Я попытался вглядеться в её лицо, но мне что-то мешало. Я никак не мог разглядеть её лица.
– Попей воды, – протянула она мне стакан. Вода выбрасывала мелкие пузырьки. Они пощипывали язык и нёбо.
У меня перехватило дыхание. Я понял: это живая вода. Я до сих пор недоумеваю: как она в таком месте раздобыла живую воду?
Я сделал глоток и увидел её лицо – кажется, впервые в жизни. Оно было растерянным и прекрасным.
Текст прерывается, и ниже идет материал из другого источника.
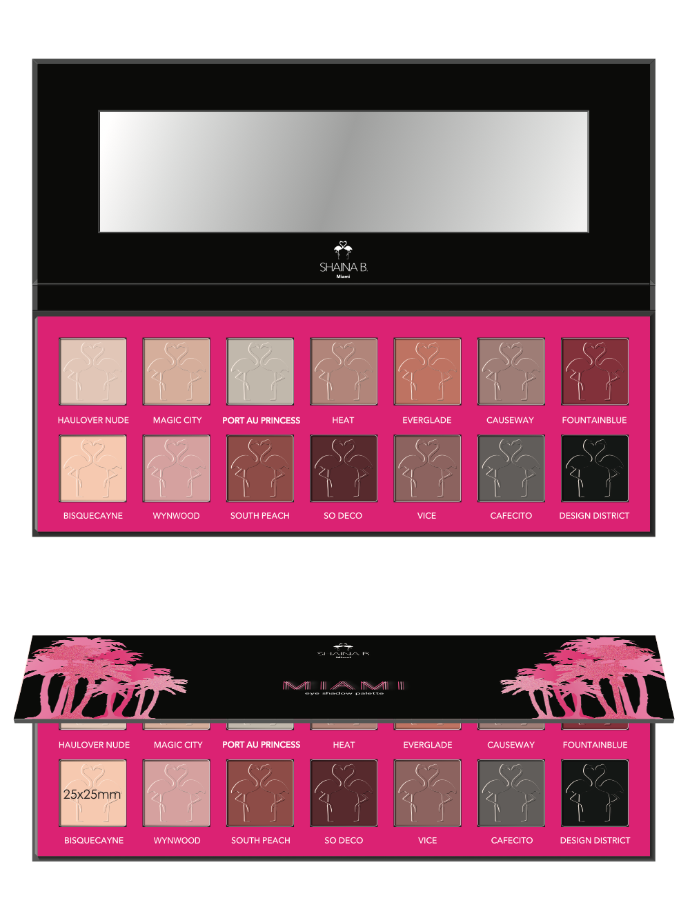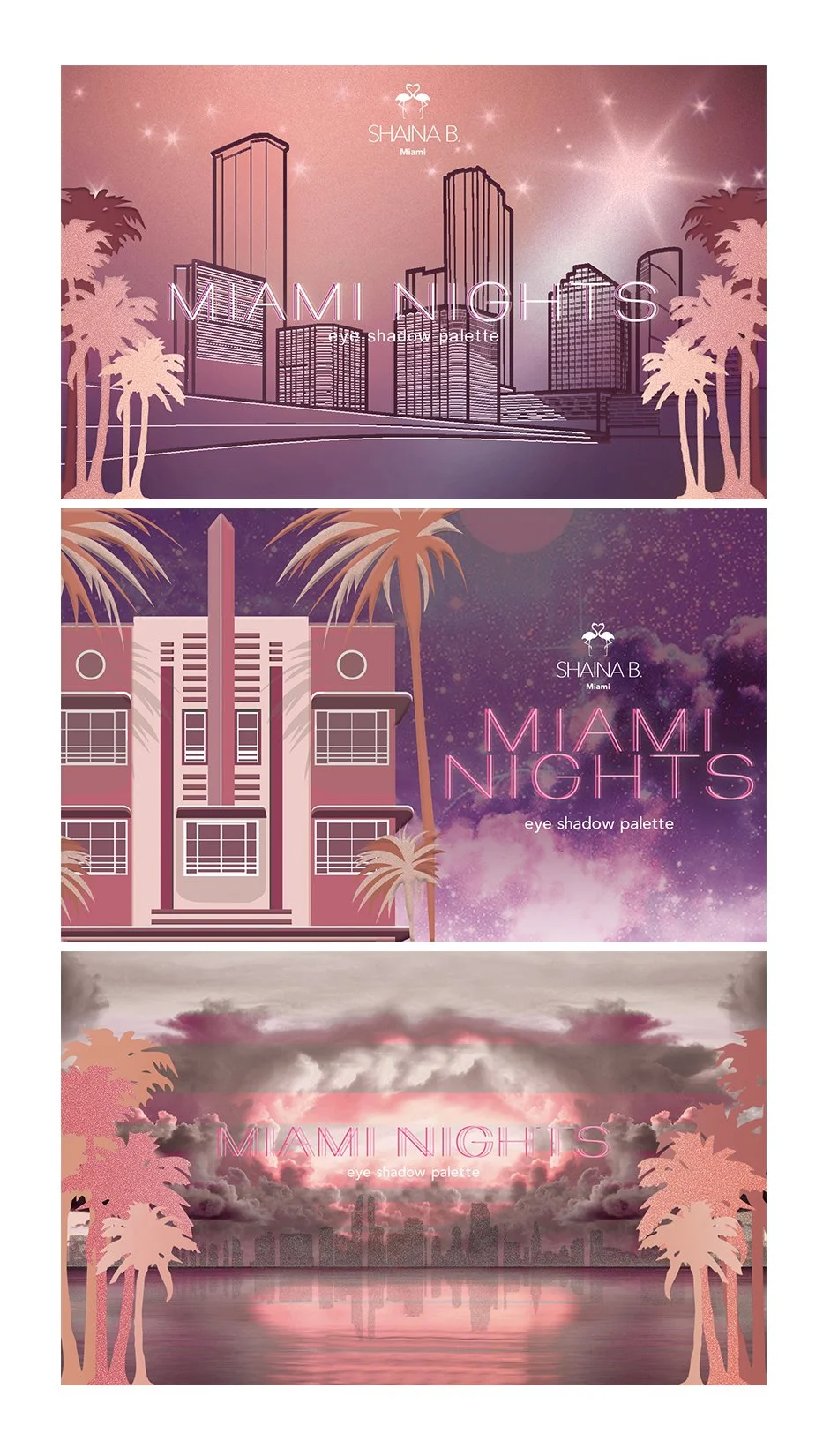 In addition to the core product line, the packaging system was designed to support special editions and tonal shifts without losing brand recognition. The Miami Nights palette was developed as an extension of the Shaina B. Miami visual language, maintaining the brand’s signature illustration style and typography while introducing a new color direction inspired by dusk and nightlife.

Торопливо и бережно, чтобы не расплескать воду, я глотнул ещё и огляделся по сторонам. Мир стремительно распадался на отдельных рядовых граждан, которые упорно и жадно поглощали нерядовую пищу.
Пётр и Василий, оба бледные и взмокшие, забились в угол и натужно блевали. Сидор Заварухин изо всех сил втискивал себя внутрь транзисторного радиоприёмника, чтобы сделать о себе важное сообщение. Ихний Батя плакали, слизывая со щёк хмельные слёзы.
Я в третий раз глотнул живой воды и взглянул на тебя. Ты стоял в центре комнаты – сильный и самоуверенный; над твоим широким, как крупнокалиберная труба, туловищем, которое опиралось на две негнущиеся, широко расставленные трубы, возвышалась короткая шея-труба с насаженной на неё чугунной болванкой. Ты светился тусклым металлическим блеском и был весь досрочный, сверхплановый, показательный. Я никогда прежде не знал тебя таким. Я впервые вдохнул твой трубный запах. Мне стало вдруг зябко от твоего холодного проката.
Мы торопливо спустились по лестнице. Ты, конечно, не заметил нашего исчезновения.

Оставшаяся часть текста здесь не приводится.